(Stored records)
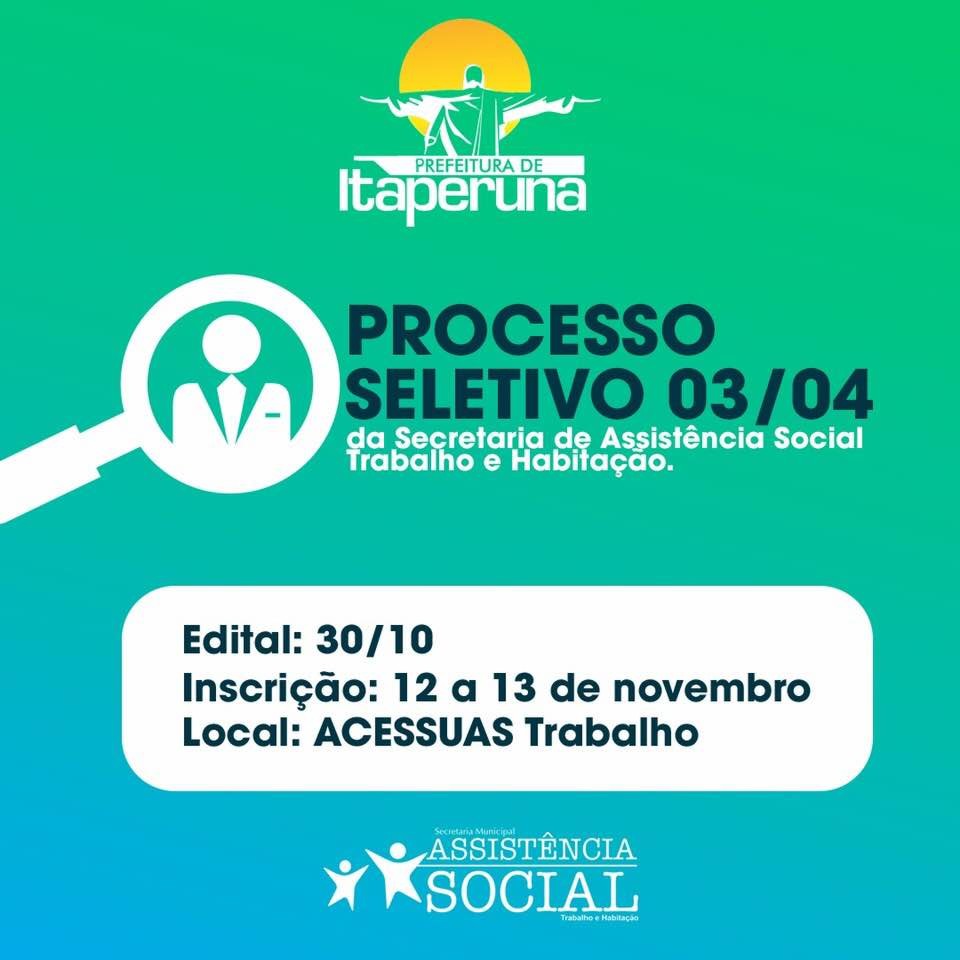 A Prefeitura de Itaperuna abre inscrições para o Processo Seletivo Simplificado, da Secretaria de Assistência Social destinado à contratação de servidores em regime de DESIGNAÇÃO TEMPORÁRIA para preenchimento de vagas e formação de cadastro e reserva com a finalidade de garantir a execução das atividades administrativas e operacionais da Proteção Social Especial, com os seguintes profissionais: Cuidador Social Diurno; Cuidador Social Plantonista e Auxiliar de Cuidador Social Plantonista.
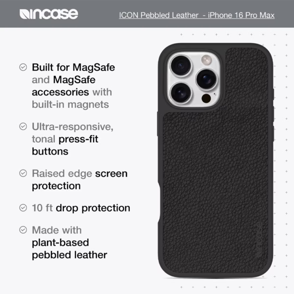 Incase รุ่น Icon Case for Magsafe – เคส iPhone 16 Pro Max – สี Obsidian Pebbled Plant Leather
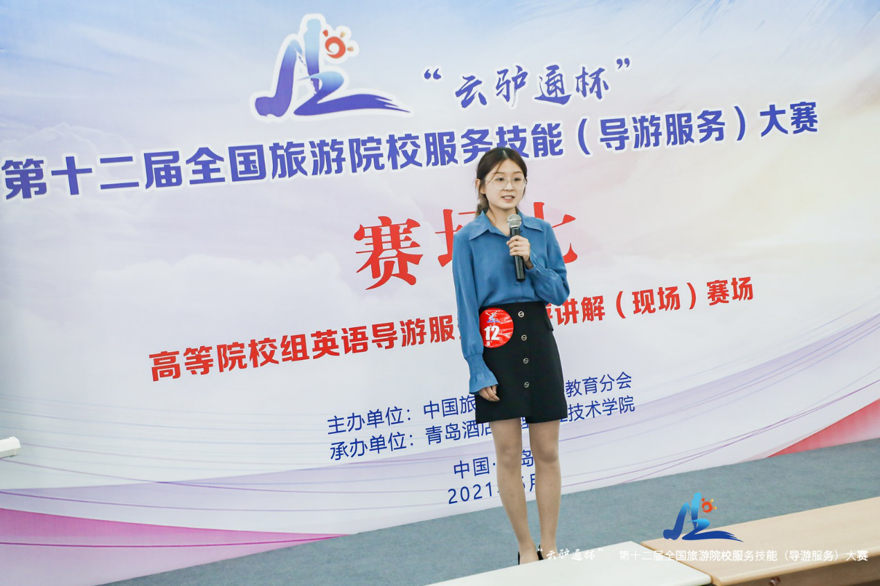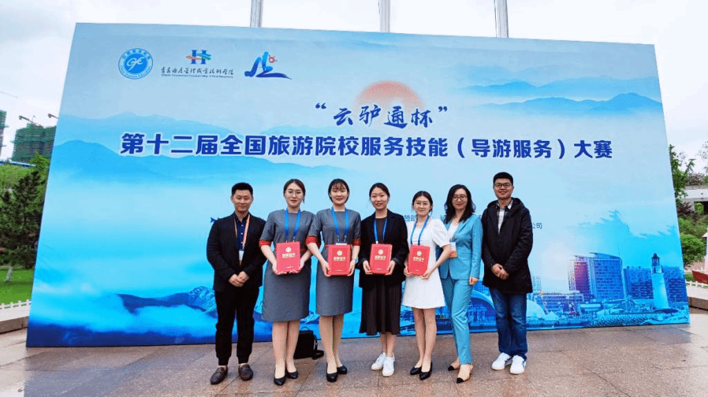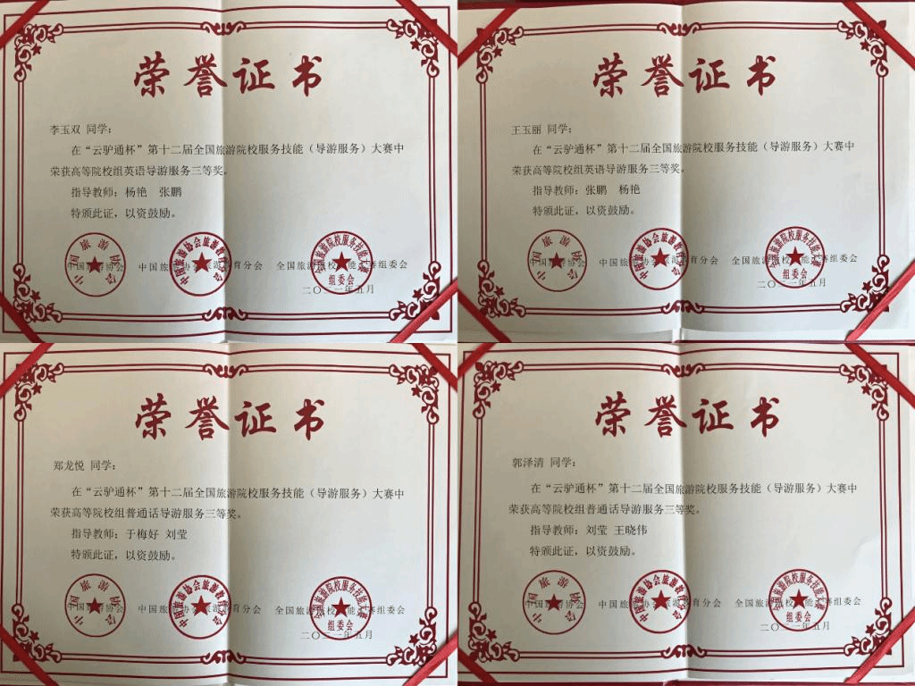 2021年5月13日至5月16日,旅游学院刘莹老师带队,张鹏、王晓伟随队带领旅游学院4名学生参加了第十二届全国旅游院校服务技能(导游服务)大赛,并获得优异成绩。本次大赛来自全国344所高校1200余名学生参赛,比赛包括理论考试、导游讲解、才艺展示等环节,经过激烈的角逐,我院来自2017级旅游管理本科班的郭泽清、2019级旅游管理本科班的郑龙悦荣获全国导游服务技能大赛中文导游组三等奖,2020级旅游管理专升本的李玉双、王玉丽荣获全国导游服务技能大赛英文导游组三等奖。两个月的准备,一个周的集训,三天的比赛,付出的汗水、泪水都将成为每位学生和指导老师成长的动力。
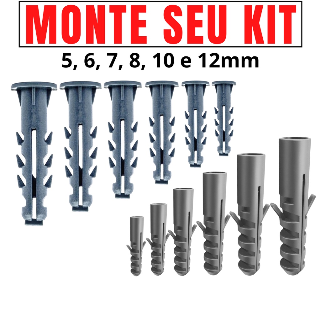Bucha com ou sem Anel Aba 5 - 6 - 7 - 8 - 10 - 12 Fixação para Parede Kit Buchas 5mm 6mm 7mm 8mm 10mm 12mm S Comum
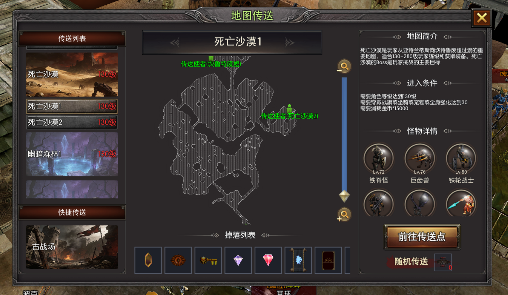 特点:荒漠与古代遗迹,130级解锁。怪物:沙漠盗匪、死神骑士、铁脊怪。资源:产出顶级合成材料(黑王马/天鹰灵魂)、终极技能书。隐藏点:每日12:00-14点阳光时段,在流沙陷阱边缘石碑前使用“沙漠之眼”道具,可激活传送门进入流沙秘域,经验丰厚且必掉灵魂宝石。
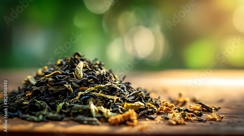A close up of dried black tea leaves on a wooden surface
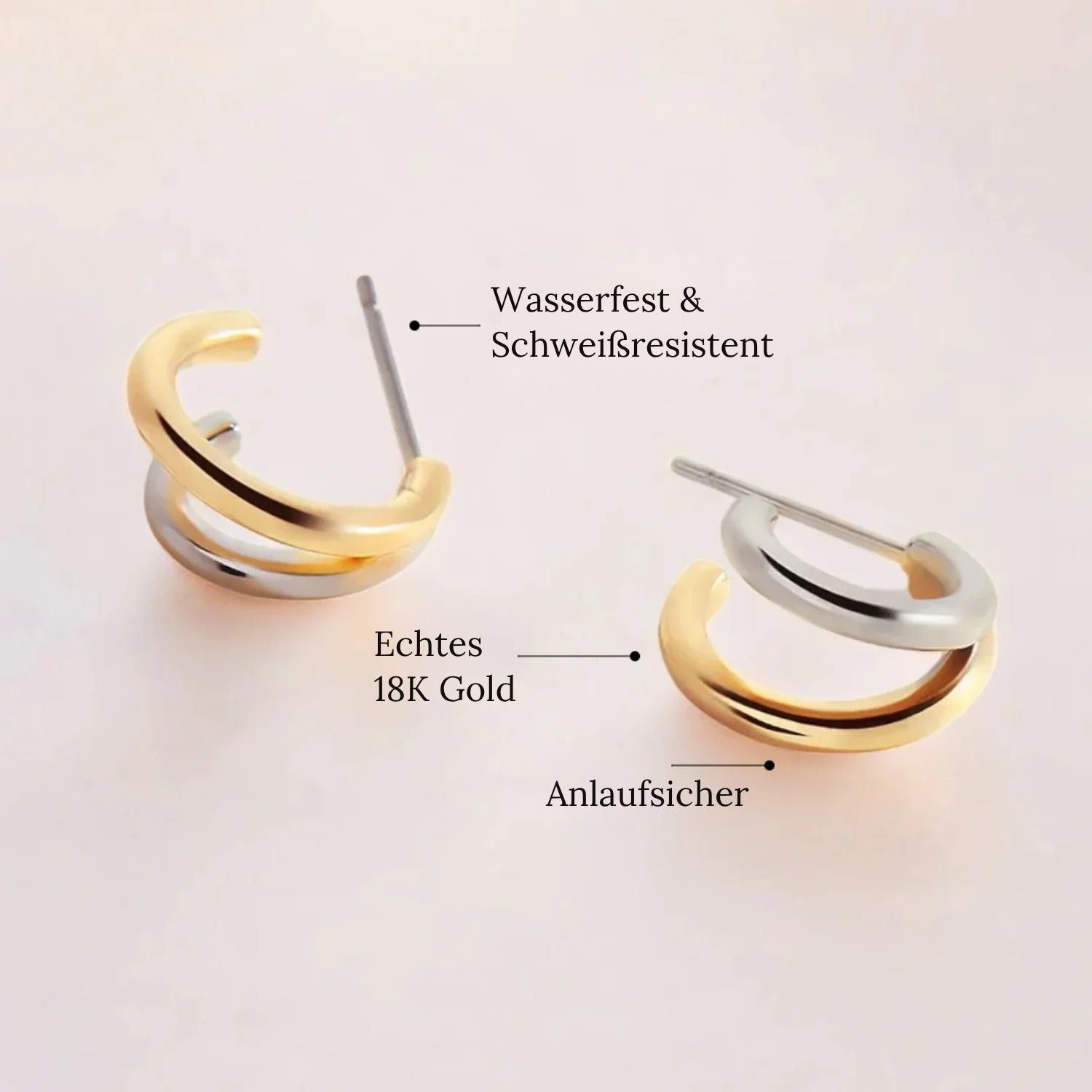 Erzielen Sie den angesagten Doppel-Piercing-Look mühelos mit diesen doppelten Bimetall-Creolen, die Silber und Gold subtil vereinen – für einen modernen und anspruchsvollen Stil. Sorgfältig gefertigt, verbinden sie Komfort und Eleganz und verleihen jedem Outfit einen Hauch von Chic.

### WHAT YOU WILL DO
Give every entry again verbatim, with no pictures.

### ANSWER FOR THIS EXERCISE
 A Prefeitura de Itaperuna abre inscrições para o Processo Seletivo Simplificado, da Secretaria de Assistência Social destinado à contratação de servidores em regime de DESIGNAÇÃO TEMPORÁRIA para preenchimento de vagas e formação de cadastro e reserva com a finalidade de garantir a execução das atividades administrativas e operacionais da Proteção Social Especial, com os seguintes profissionais: Cuidador Social Diurno; Cuidador Social Plantonista e Auxiliar de Cuidador Social Plantonista.
 Incase รุ่น Icon Case for Magsafe – เคส iPhone 16 Pro Max – สี Obsidian Pebbled Plant Leather
 2021年5月13日至5月16日,旅游学院刘莹老师带队,张鹏、王晓伟随队带领旅游学院4名学生参加了第十二届全国旅游院校服务技能(导游服务)大赛,并获得优异成绩。本次大赛来自全国344所高校1200余名学生参赛,比赛包括理论考试、导游讲解、才艺展示等环节,经过激烈的角逐,我院来自2017级旅游管理本科班的郭泽清、2019级旅游管理本科班的郑龙悦荣获全国导游服务技能大赛中文导游组三等奖,2020级旅游管理专升本的李玉双、王玉丽荣获全国导游服务技能大赛英文导游组三等奖。两个月的准备,一个周的集训,三天的比赛,付出的汗水、泪水都将成为每位学生和指导老师成长的动力。
Bucha com ou sem Anel Aba 5 - 6 - 7 - 8 - 10 - 12 Fixação para Parede Kit Buchas 5mm 6mm 7mm 8mm 10mm 12mm S Comum
 特点:荒漠与古代遗迹,130级解锁。怪物:沙漠盗匪、死神骑士、铁脊怪。资源:产出顶级合成材料(黑王马/天鹰灵魂)、终极技能书。隐藏点:每日12:00-14点阳光时段,在流沙陷阱边缘石碑前使用“沙漠之眼”道具,可激活传送门进入流沙秘域,经验丰厚且必掉灵魂宝石。
A close up of dried black tea leaves on a wooden surface
 Erzielen Sie den angesagten Doppel-Piercing-Look mühelos mit diesen doppelten Bimetall-Creolen, die Silber und Gold subtil vereinen – für einen modernen und anspruchsvollen Stil. Sorgfältig gefertigt, verbinden sie Komfort und Eleganz und verleihen jedem Outfit einen Hauch von Chic.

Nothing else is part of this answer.